Almost four and a half years after the devastating 2015 earthquake, affected communities across Nepal are now driving towards recovery from their earlier reconstruction efforts.

Burying sorrows of their losses with efforts towards rebuilding, the communities have come to the final stages of reconstruction. However, while 61% of people have already rebuilt their houses, 39% are still without proper shelter. Such households, who belong to poor and vulnerable strata of the society, are still being forced to live in temporary shelters that are not resilient to climate or disasters.

Field experiences show various reasons for such households being unable to rebuild their houses. Outstanding issues of the landless, debt-trapped victims, house owners without access to knowledge and proper documentation, and physically handicapped victims among others have affected reconstruction in different ways and can only be resolved through targeted policy advocacy measures and other legal processes.

Here are some behavioural factors that hindered the households to complete the reconstruction on time.

Misuse of grant

When the first tranche of reconstruction grant was disbursed by the government during the Dashain festival four years ago, a large number of earthquake-affected house owners utilised the amount for their festive expenses rather than actual reconstruction. This became a huge behavioural barrier for rebuilding as it halted the reconstruction process of a large number of houses.
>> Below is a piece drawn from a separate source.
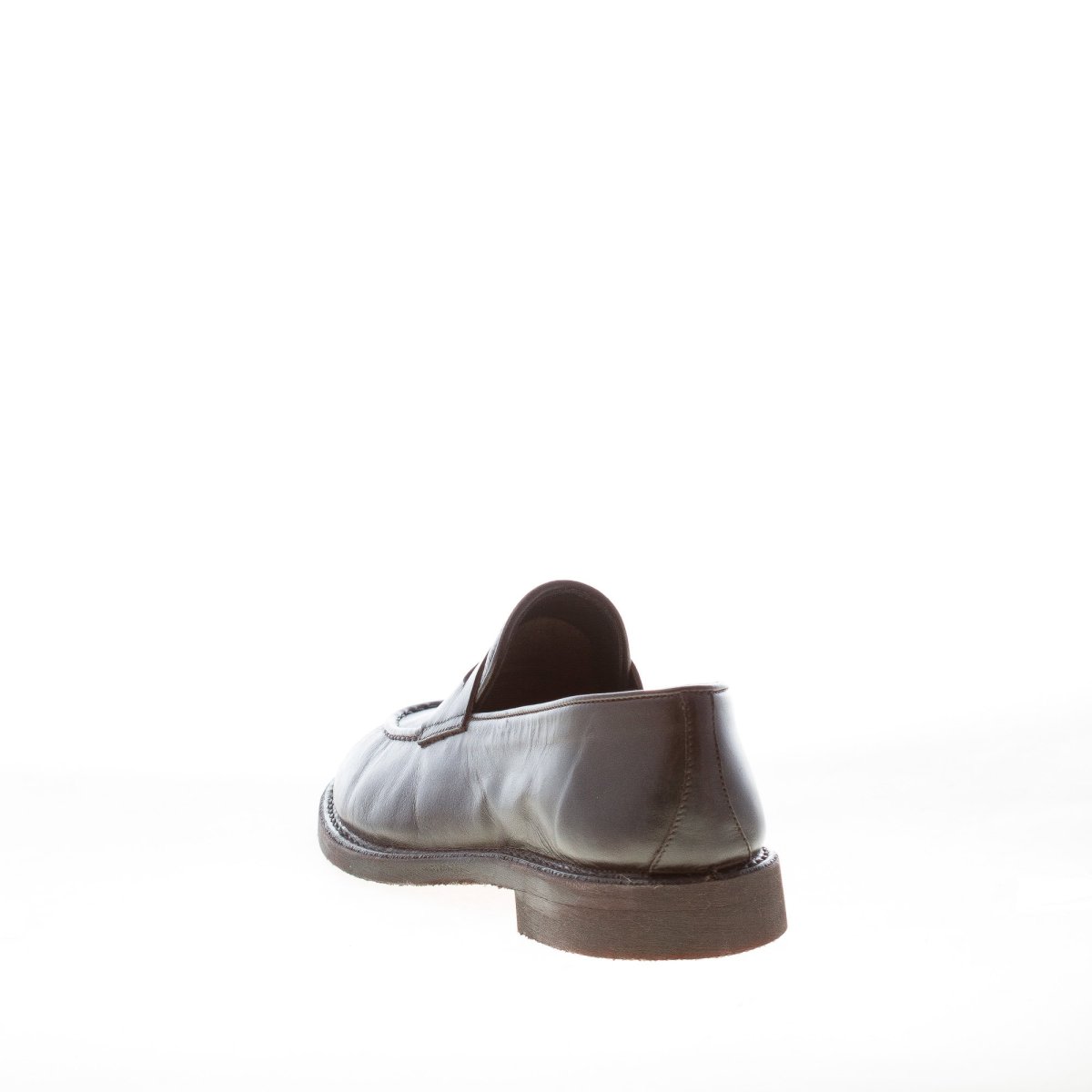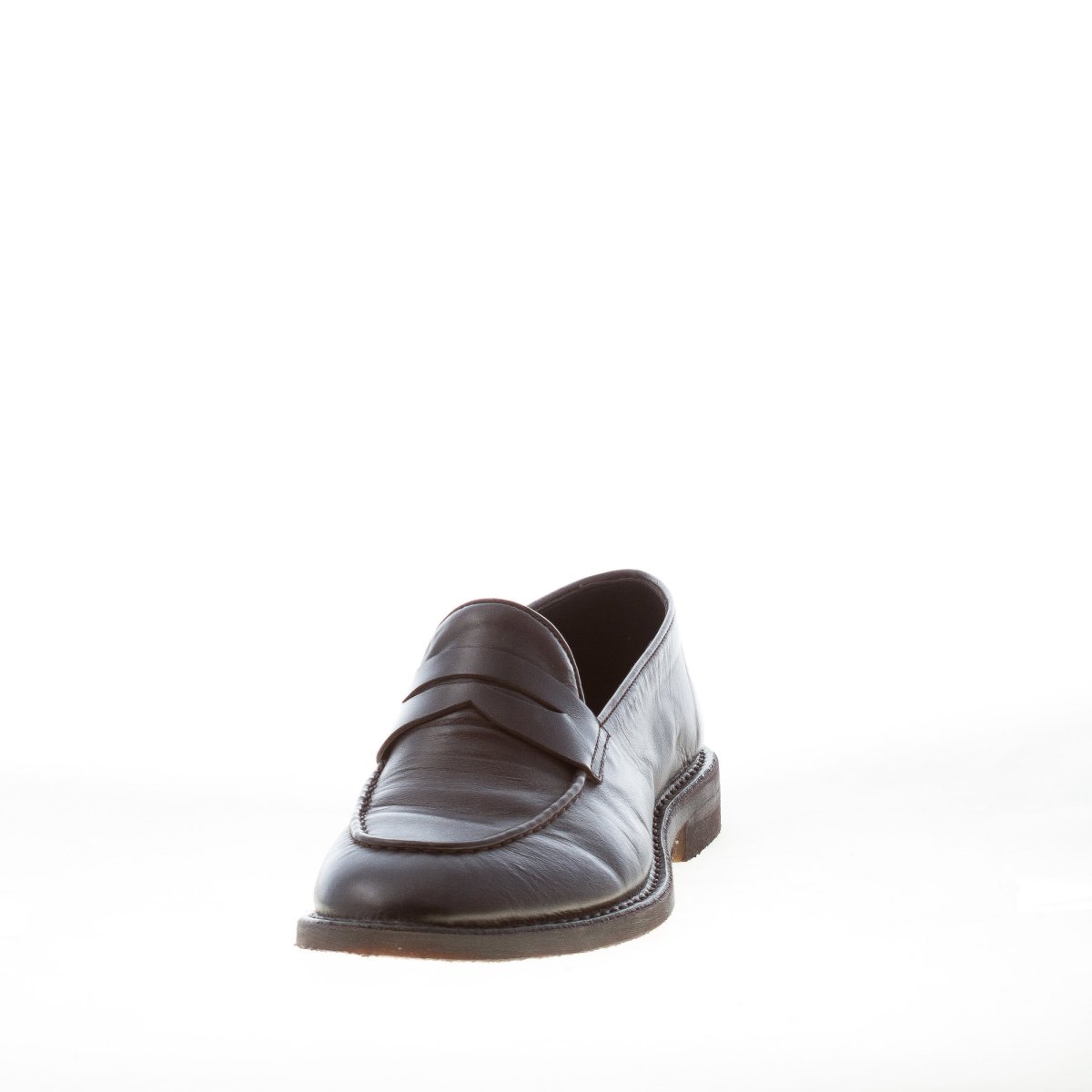 Mahogany brown fine napa leather Jason 94001 loafer, entirely handmade in Italy, with the classic front penny bar and the Adler stitching at toe. Exposed stitching on the welt. Ultra-flexible rubber sole

This deprived them of their subsequent tranches for many months and forced them to continue living in temporary shelters.

Love for RCC buildings

Another barrier towards safe and resilient reconstruction has been people’s preference for the construction of RCC houses compared to traditional houses made of stone and mud. After the earthquake, the government failed to promote the construction of safe and resilient houses using traditional technology and locally available materials. Hence, people’s perception of a strong house and good social status swayed towards RCC buildings which are very expensive and resource-intensive. This has given rise to an unhealthy competition within local communities and resulted in huge debts for households who cannot afford them. Field experience of the Majhi community from Indrawati rural municipality – 10, shows the gap in reconstruction caused by lofty desires for RCC houses and poor economic condition, which has only pushed the community into a vicious debt trap.


Alcoholism is yet another emerging problem in rural areas that has affected reconstruction efforts. Spurred by the lack of job opportunities and growing frustration with their poor economic conditions, alcohol abuse among young men has not only disrupted social harmony but also affected the pace of reconstruction. The drinking culture of some communities in remote areas often goes beyond limits and the decision-takers of the households, who are often men, fail to show initiative for reconstruction despite receiving their tranches. Many development organisations in the field who are working on reconstruction are well aware of this widespread problem.

Extensions of the term

Meanwhile, the repeated extensions provided by the government for reconstruction has failed to encompass people going through these barriers time and again. The government must create special policies for the poor and vulnerable households to support their reconstruction, improve people’s knowledge on safer reconstruction and incentivise the use of traditional technologies, generate better employment opportunities for those without jobs and provide social counseling who need it the most to bring about a behavioural shift. Unless the government fails to address these behavioural issues, the reconstruction period will continue to stretch even further, and the poor and vulnerable will continue to suffer from the financial burden.